Miljöaktuellt
- Editor-in-chief: Mikael Salo
- Categories: Environmental magazine; Business magazine;
- Frequency: Monthly
- Founded: 1973
- Final issue: 2016
- Company: Bonnier Business Media
- Country: Sweden
- Based in: Stockholm
- Language: Swedish
- Website: Miljöaktuellt
- ISSN: 0345-763X

= Miljöaktuellt =

Swedish environmental and business magazine (1973–2016)

Miljöaktuellt was a monthly environmental and business magazine published in Stockholm, Sweden.

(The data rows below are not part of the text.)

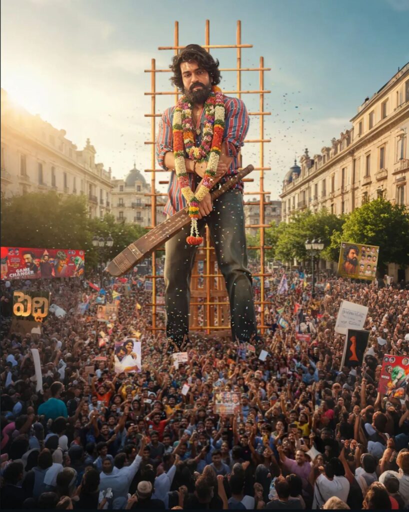 The cutout is decorated with a beautiful, vibrant flower garland draped gracefully around the neck and shoulders, adding a festive and respectful touch. Place the cutout on a sturdy support frame in a busy public square filled with a diverse crowd of enthusiastic fans facing and admiring it. Fans are cheering, holding flags, banners, and placards with the person’s image, some capturing the moment on their phones. The fans look up in awe, creating a natural, dynamic interaction.Add scattered fresh flower petals on the ground, colorful confetti floating gently in the air, and warm sunlight casting soft shadows over the scene. The environment should feel lively and celebratory, with realistic urban elements like theatre Name Sandhya 35MM and street lamps framing the background.”
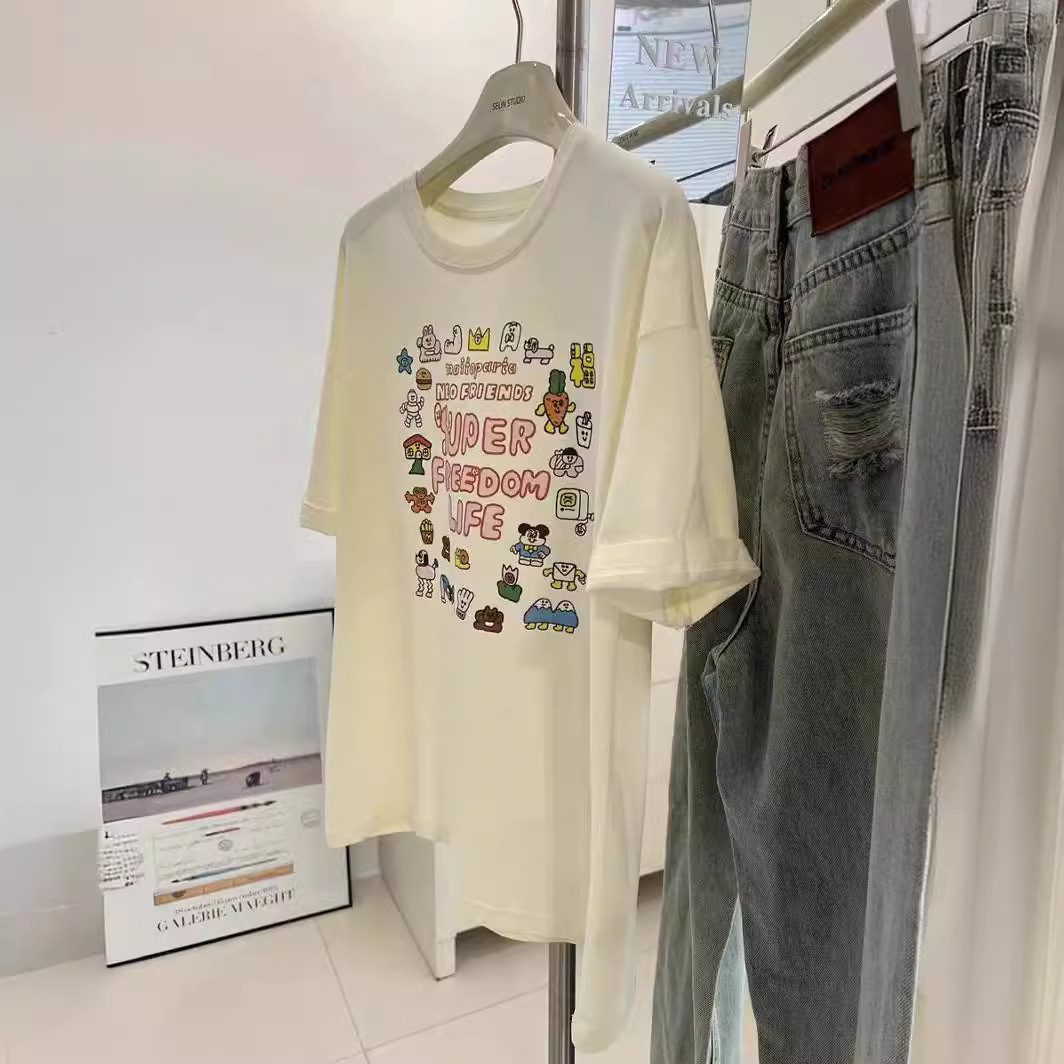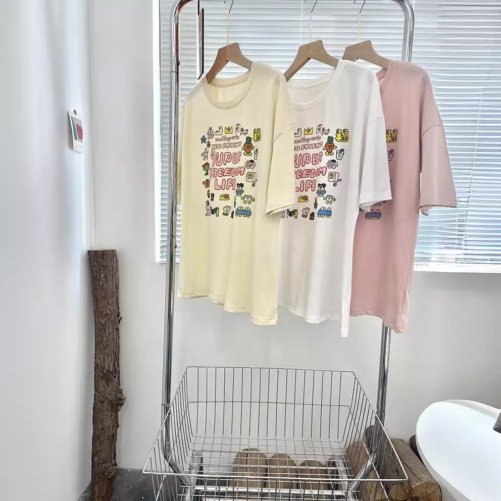 韩版可爱卡通印花圆领短袖t恤女宽松慵懒显瘦春夏减龄上衣潮
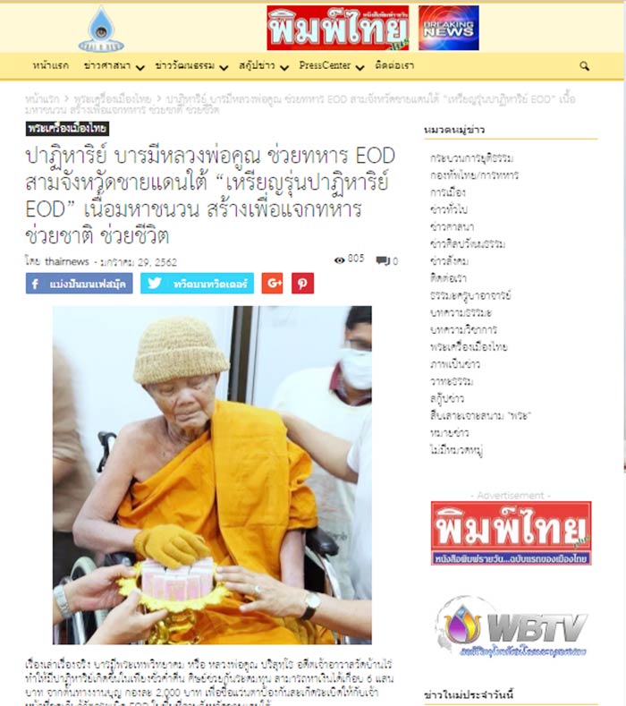 ในพื้นที่ 3 จังหวัดชายแดนใต้ ในครั้งนั้นคณะศิษย์หลวงพ่อคูณ ผู้จัดสร้างรุ่นปาฏิหาริย์ EOD ได้ประกาศงานบุญเปิดรับบริจาค 2,000 บาท
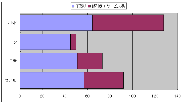 各社の本体値引き+サービス品と下取り査定の最終段階での金額をグラフにしてみました。
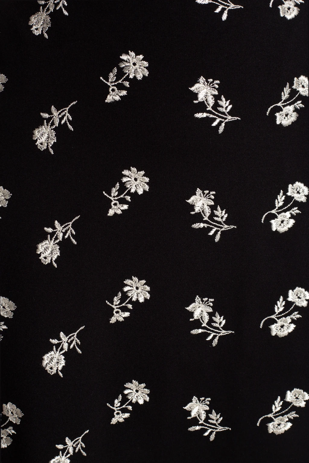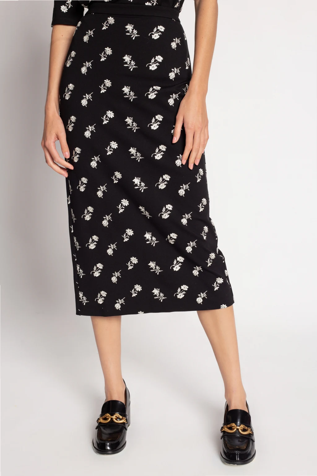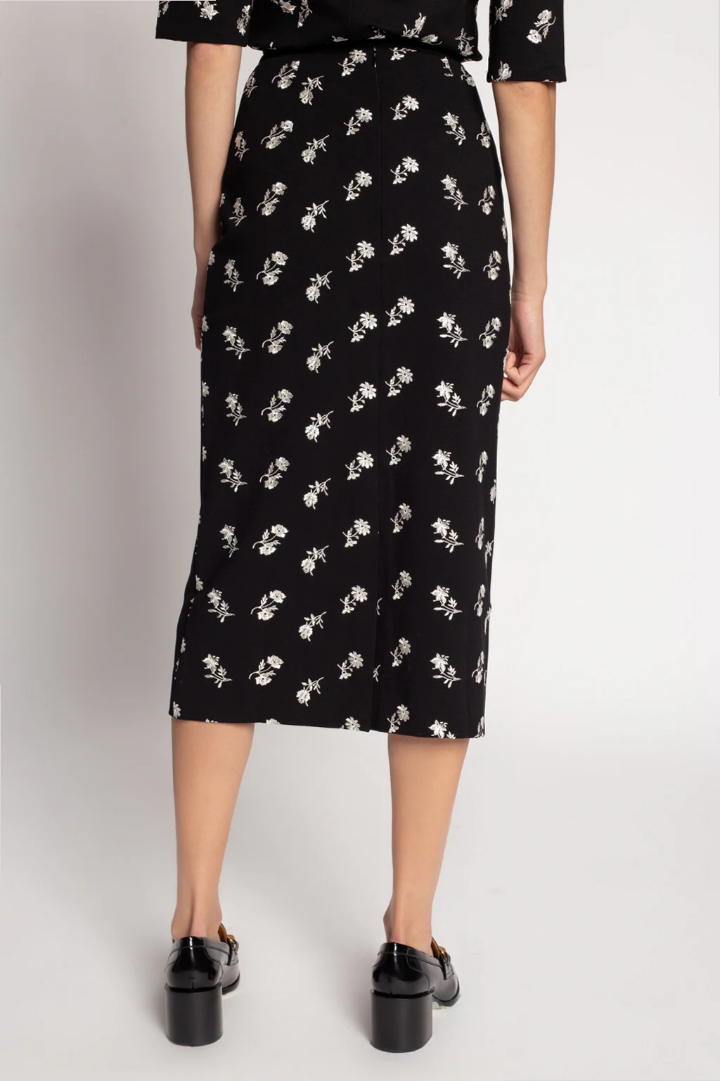 Black skirt from Erdem. Fastened with a back zip and hook, this design is enriched by slit at the back and embroidered floral motif in white.
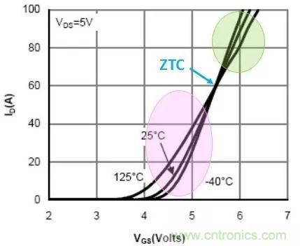 器件的失效處取決于脈沖時間、散熱條件和功率MOSFET單元平衡性能。通常,ZTC對應的電流越大,對應的VGS越大,就越容易發生熱不穩定性問題。而且ZTC直接和跨導相關,跨導增加,ZTC點向更高的VGS點移動。

It existed between 1973 and 2016. It was subtitled as Naturvårdsverkets tidning until 2015.

==History and profile==
Miljöaktuellt was first published in Solna in 1973. Its headquarters was moved to Stockholm in 1995. The magazine was published eleven issues per year on a monthly basis.

Miljöaktuellt was published by Naturvårdsverket, and during this period it was official organ of the Swedish Environmental Protection Agency. The magazine was redesigned on 14 May 2003 to cover more content from the Agency. Because it had been an independent publication and the agency did not have any influence on its content until that date.

Its publisher was the International Data Group (IDG) Sweden from 2007 to 2015. Bonnier bought the magazine in September 2015. Its headquarters was in Stockholm.

The magazine dealt with environmental issues and offered business-like solutions focusing on social responsibility and sustainable development. During its existence the magazine published the list of the most influential people on environmental issues in Sweden. The other ranking by the magazine was the Environment Municipality of the Year.

Mikael Salo was the editor-in-chief of Miljöaktuellt.

In 2008 Miljöaktuellt had 19,000 readers. In 2016 the magazine ceased publication.